A 2.45-kb DNA fragment containing the chromosomal P. aeruginosa PAO1 ppk1 gene was amplified by PCR with primers F2 and R2 (Fig. 5; for primer information see SI Table 3) and cloned into the HindIII and XbaI sites in pBluescriptII SK(+) to generate pSKPAK1. The PCR fragment starts at 107 bp upstream of the A in the ATG translational start codon (bp 150 in GenBank locus AB007587) and ends 115 bp downstream of the A in the TGA stop codon, not as reported in ref. 11. A 0.8-kb BamHI fragment in the amino terminus half of the ppk1 ORF in pSKPAK1 was replaced with a 1.3-kb BglII fragment containing the tetracycline resistance-encoding gene cassette from pDMB100 (ref. 28; kindly supplied by Daniel W. Martin) in the opposite transcriptional orientation to create pPAK1TC4. WT PAO1 was electroporated with pPAK1TC4, and transformants were selected on LB plates with tetracycline (250 μg/ml). Double cross-over recombination of the mutation was verified first by genomic PCR with combinations of primers F4, F5, R4, R5, TF1, and TR1 and, subsequently, by biochemical determinations of PPK1 activity and poly P levels. Mutant PAOM5 was complemented by transformation with a plasmid overexpressing P. aeruginosa ppk1 under tac promoter control, pHEPAK11, constructed by PCR amplifying the ppk1 gene in plasmid pPPK02F (ref. 29; kindly supplied by Toshikazu Shiba, Fujirebio, Inc., Tokyo, Japan) by using primers F6 and R6 and inserting the resulting product into the HindIII and EcoRV sites in the medium copy number E. coli-P. aeruginosa shuttle vector pMMB66H (30). Transformants were selected on LB agar with 300 μg/ml carbenicillin.
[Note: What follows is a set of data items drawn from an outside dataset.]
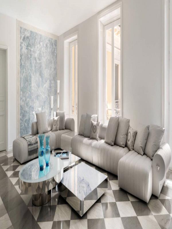 تُعدّ قطع الأثاث المنحوتة والخطوط المحدّدة بشكل واضح من السمات المميزة للمجموعة الأيقونية. تحتوي الأريكة المقسّمة المميزة على ثلاثة وأربعة مقاعد وتأتي بشكل خطّي أو منحنٍ. وهي متوافرة بالأبيض والأسود. يتم تعليق مساند الأذرع تقريباً على الهيكل، كما تتم إضافة ملحق داعم معدني ذهبي لامع إلى قاعدة المقعد. مجموعة من قطع الأثاث تشتمل على طاولة بجانب السرير، وخزانة ذات أدراج، وخزانة منخفضة، وخزانة بوفيه، وخزانة طويلة، ويتميز كل منها بشعار ثلاثي الأبعاد. تتكون طاولات تقديم القهوة المستديرة المميزة من مجموعة ثلاثية من الطاولات ذات الأحجام المختلفة التي ترتبط ببعضها البعض، وهي مصنوعة من الكروم اللامع أو الذهب اللامع مع أسطح طاولات سوداء اللون. وهي متوافرة أيضاً في إصدار محدود وحصري، يتميز بطبقة علوية من الخزف مع زخرفات كرقعة الشطرنج أو طاولة لعبة النرد كقطعة أساسيّة تمثّل نمط الحياة الفاخرة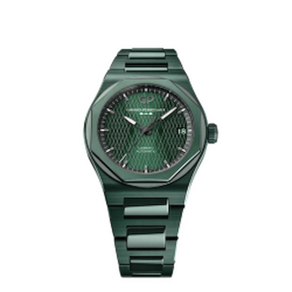 Entrambe le versioni del Laureato Green Ceramic Aston Martin Edition sono dotate di una cassa slanciata. I componenti in ceramica verde sono particolarmente duri, fino a sette volte più duri dell'acciaio, e presentano una incredibile resistenza ai graffi, qualità che ne conserva per anni l'aspetto originario. Un'altra caratteristica dei componenti in ceramica verde è che non invecchiano né sbiadiscono con il passare del tempo. Inoltre, la ceramica non subisce gli influssi del cambiamento della temperatura ambiente, è leggera, ipoallergenica e incredibilmente liscia, tutti fattori che contribuiscono al suo comfort al polso. Raffinato, contemporaneo e molto elegante, il design del Laureato Green Ceramic Aston Martin Edition mostra alcuni elementi ispirati alle auto Aston Martin. Potenti motori, linee eleganti e leggerezza sono doti che caratterizzano i prodotti dell'azienda britannica. È quest'ultima caratteristica che ha indotto Girard-Perregaux a dotare il nuovo modello di lancette di ore e minuti scheletrate 'a bastone', leggere e funzionali. Il quadrante dell'orologio ha un design retinato, un motivo a losanga che si ritrova sul logo ‘AM’ (1921-1926) e sui sedili trapuntati di alcuni dei veicoli ad alte prestazioni del brand.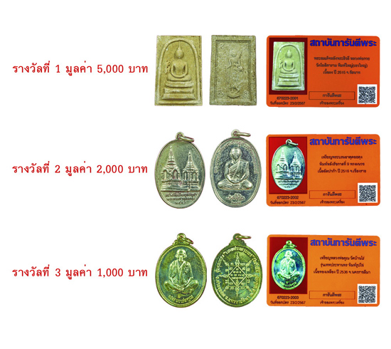 - เพื่อแทนคำขอบคุณนี้ ทางเว็บไซต์ฯ ขอมอบพระเครื่องพร้อมบัตรรับรอง QR Code จำนวน 3 รางวัล ประจำเดือนเดือนมีนาคม 2567 นี้ให้กับท่านสมาชิกฯ โดยทางเว็บไซต์ฯจะจับสลากจากรายชื่อท่านสมาชิกพัฒนาเว็บไซต์ฯทุกท่าน ในวันเสาร์ที่ 2 มีนาคม 2567 เวลา 16.00 น. และจะประกาศรายชื่อผู้ได้รับรางวัล ที่หน้าเว็บไซต์ฯในวันจันทร์ที่ 4 มีนาคม 2567 โดยท่านสมาชิกสามารถรับรางวัลได้ที่สถาบันการันตีพระ ชั้น 5 หรือ แจ้งให้จัดส่งทางไปรษณีย์ได้ทางไลน์แอดที่ @g-pra.payment (24 ชั่วโมง) หรือโทรแจ้งที่เบอร์โทร 02-521-0699 , 02-521-0712 ( ค่าจัดส่ง 100 บาท )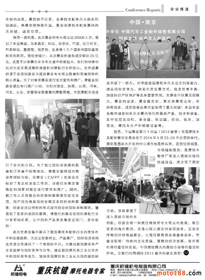 隨著全摩會(huì)的閉幕,今年的配件行業(yè)經(jīng)營(yíng)也進(jìn)入到收宮階段,北方的天氣也漸漸轉(zhuǎn)冷,北方的市場(chǎng)也逐步趨淡。今年的市場(chǎng)銷(xiāo)售整體都不太好,無(wú)論是外貿(mào)還是內(nèi)銷(xiāo)市場(chǎng),我們雜志在今年也很努力,但是也能明顯地感覺(jué)到市場(chǎng)的寒意。盡管如此,我們?nèi)匀蝗〉昧溯^好的成績(jī):我們對(duì)華東市場(chǎng)進(jìn)行了精耕細(xì)作,走訪了市場(chǎng)的每一個(gè)客戶(hù),搜集更新了市場(chǎng)的資料,并在南京秋摩會(huì)和重慶摩博會(huì)上將華東市場(chǎng)的第一手資料送給了企業(yè);同時(shí),在廣州市場(chǎng)也更新了最新的市場(chǎng)資料,并在秋摩會(huì)將這本資料送給了行業(yè)同仁。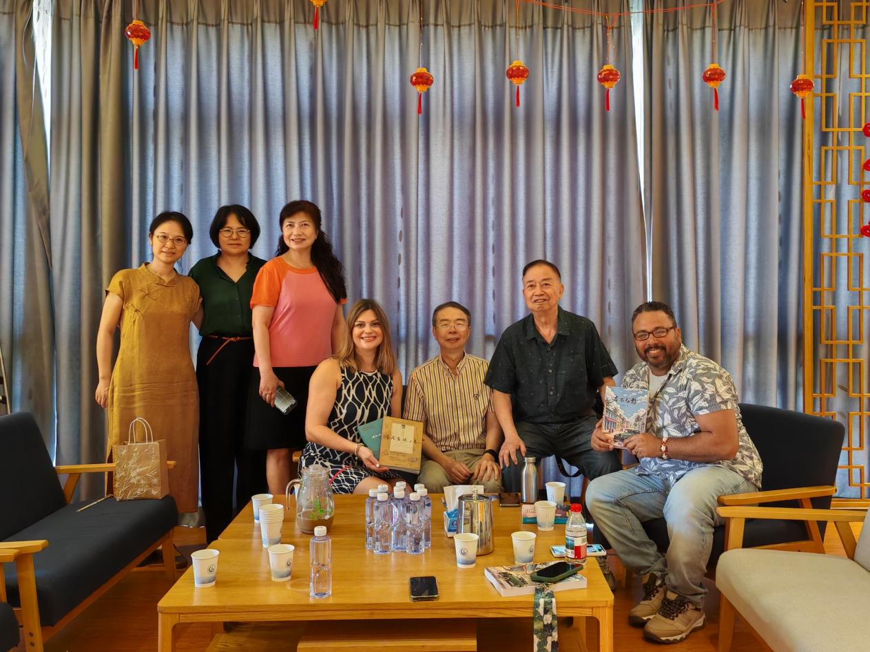 10月8日,在台山市。华南理工大学中外学者江门侨乡田野考察组一行采访了台山籍乡亲、暨南大学中文系教授、古巴侨属黄卓才,参观了台山市银信博物馆以及四九镇侨文化体验馆宝世楼。通过采集侨眷侨属的口述历史以及侨乡建筑的实地考察,华南理工大学中外学者江门侨乡田野考察组一行近距离感受当年拉美华侨对所在国的巨大贡献、对祖国和家乡的无私奉献。座谈会上,华南理工大学外国语学院教授苏娉感叹:在中华民族伟大复兴的征程中,华侨华人始终是坚定的支持者和积极的参与者,他们始终保持着爱国爱乡、情系故土的赤子情怀,把个人的前途和国家的命运紧密联系起来。中国的革命、建设和改革事业,都离不开广大侨胞的支持。以江门五邑侨乡为例,这块传奇的土地曾经孕育了无数敢为人先的华侨华人先驱,他们下南洋、渡重洋,在异国他乡书写传奇;他们心怀家国,以侨资、侨智、侨力回馈桑梓,在中国乃至世界舞台上创造了无数个“第一”。100多年来,纵观江门五邑籍华侨华人在海内外的卓越贡献,充分展现他们以侨乡为根基,以世界为舞台,书写出无愧时代无愧历史百年传奇的壮丽篇章。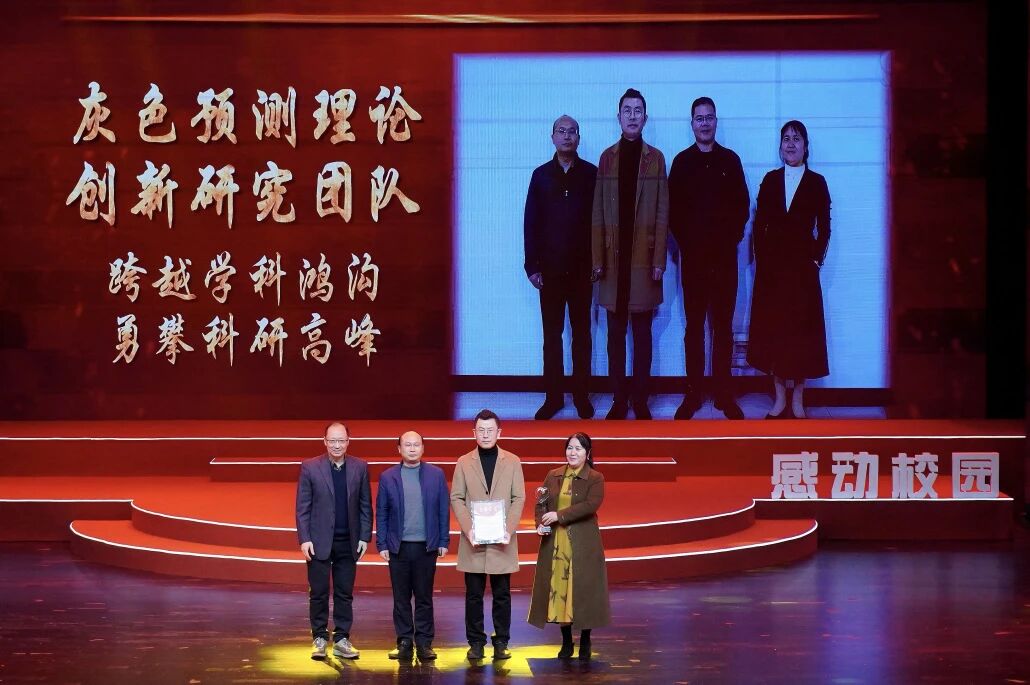 12月19日,英国365上市公司第十四届“感动校园人物”颁奖典礼在公司剧场隆重举行,公司灰色预测理论创新研究团队凭借其跨学科科研攻坚的卓越贡献,荣获本届“感动校园人物”称号。党委常委、副董事长张波为团队颁奖,全校师生共同见证了这一荣誉时刻。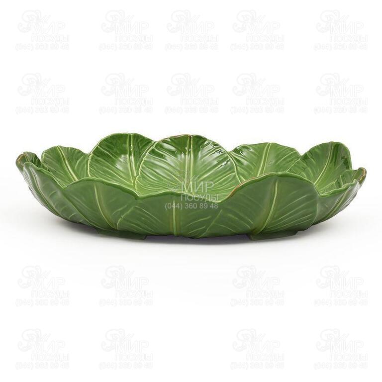 Фруктовница от португальского производителя Bordallo изготовлена из прочной керамики. Емкость не требует специального ухода, яркие краски не потускнеют от регулярного мытья в посудомоечной машине. Изделие с тропическим акцентом предназначено для подачи овощного или фруктового пирога. Банановая листва придаст праздничному столу эффект свежести и экзотики.
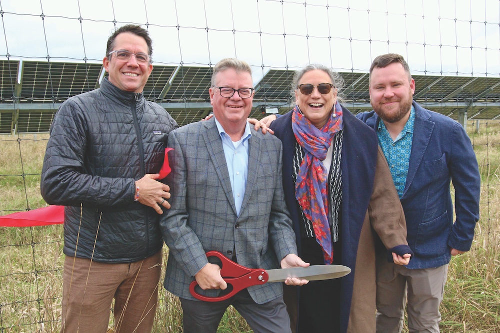 COLLEGE OFFICIALS AND collaborators on Oct. 24, celebrated the activation of a five-megawatt solar array on South Street Extension. Encore founder and co-CEO Chad Farrell, left, Middlebury College Executive Vice President for Finance and Administration David Provost, Middlebury College President Laurie Patton, and Greenbacker Chief Operations Officer Matt Murphy were among those at the ribbon cutting.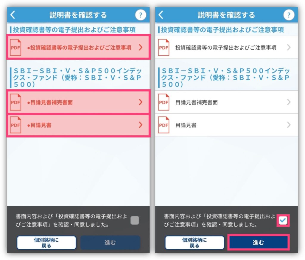 投資信託の補完説明書も確認し、問題がなければ「同意して次へ」をタップしよう。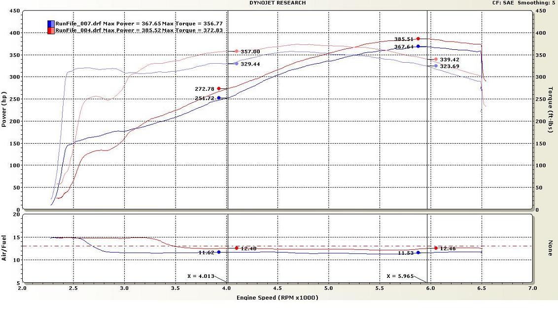 JacFab intake +17.87HP, +16.06TQ. A minimum of 14 ft lbs of torque gained through the whole curve, and up 30 ft lbs in places... An average gain of 17.16 HP (above 3500), and an average of 19.62 ft lbs of torque (above 3500)... WITH NO SCOOP!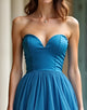 Design: This blue A-line prom dress boasts a sweetheart neckline, cascading ruffles, and a floor-length hemline. The strapless and backless design adds a touch of elegance and sophistication. You'll feel like a princess in this dress, perfect for any upcoming formal event.

Assays for PPK1 and PPX Activities and Poly P Levels.

PPK1 activity was measured as the conversion of [³²P-γ]ATP to poly P by thin-layer chromatography analysis as described in ref. 31. PPX activity was measured as the conversion of poly P to P_i as described in ref. 32. Poly P was extracted by the glassmilk method and levels were determined by conversion to ATP by E. coli PPK1 followed by conversion to light in a luciferase reaction and quantification in a TopCount NXT microplate scintillation and luminescence counter (Packard Instruments (PerkinElmer), Boston, MA) as described in ref. 33.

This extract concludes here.